Scaling Pleroma for a worldwide userbase
Normally you would expect users to join a community on the Fediverse that is both relevant to the users' interests and is also located nearby geographically for performance reasons. e.g., someone in Japan should join a Japanese server and use federation to communicate with users across the world. This eliminates performance bottlenecks by keeping the latency low.
However there are situations where this is not possible. I administer a customized Pleroma server that automatically enrolls an existing community/userbase with thousands of members who are worldwide. We observe performance issues as a result. e.g., users in Australia struggle to upload media to our server in Chicago.
We have a few options at our disposal to improve general performance such as using config :Pleroma.Upload, base_url
to point to a CDN. This only solves the performance for consumption of content, not creation.
To achieve good performance we need to reduce latency of TCP connections by simply moving those activities to edge nodes which are geographically dispersed around the world. The problem is that this currently is not feasible in Pleroma. Simply moving Pleroma to be entirely behind a CDN is not wise because of websockets
. CDNs do not like websockets.
CloudFlare supports websockets, but a limited number unless you pay for premium plans. Akamai websocket support is unclear. It appears not permitted for production traffic based on my research.
This is unsurprising because websockets would be a serious strain on a CDN anyway. We can build our own CDN (and we are), but that doesn't change the reality that it's not a great solution to the problem.

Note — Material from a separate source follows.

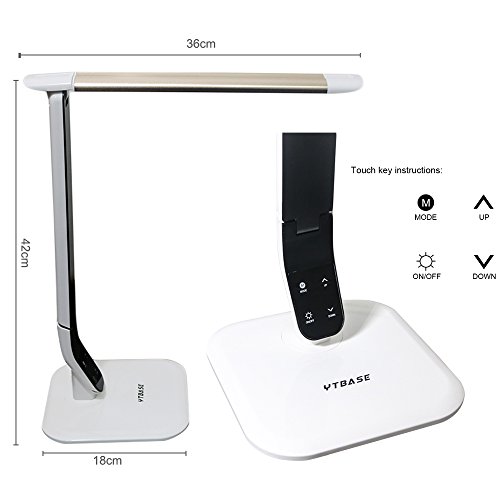 -. Title : LED Desk Lamp, YTBASE Aluminum Alloy Table Lamp for Office Home Dorm 5 Dimmable Levels Energy Efficient Eye-caring Touch Control 10W Desk light with 12V/1A USB Charging Port-Gold

This leaves us with the options of a major engineering effort and a lame hack:
-
OTP clustering, which will require some significant dev investment. But this is something we do want long term for building HA and load balanced Pleroma clusters
-
Some kind of API extension to support this, and bake it into the apps we influence (Roma, etc). e.g., hint that
/api/v1/statuses
should be accessed at a differentbase_url
which can be proxied by a CDN, and fallback if that's unavailable.
Are there any other things we should consider? How else can this problem be approached?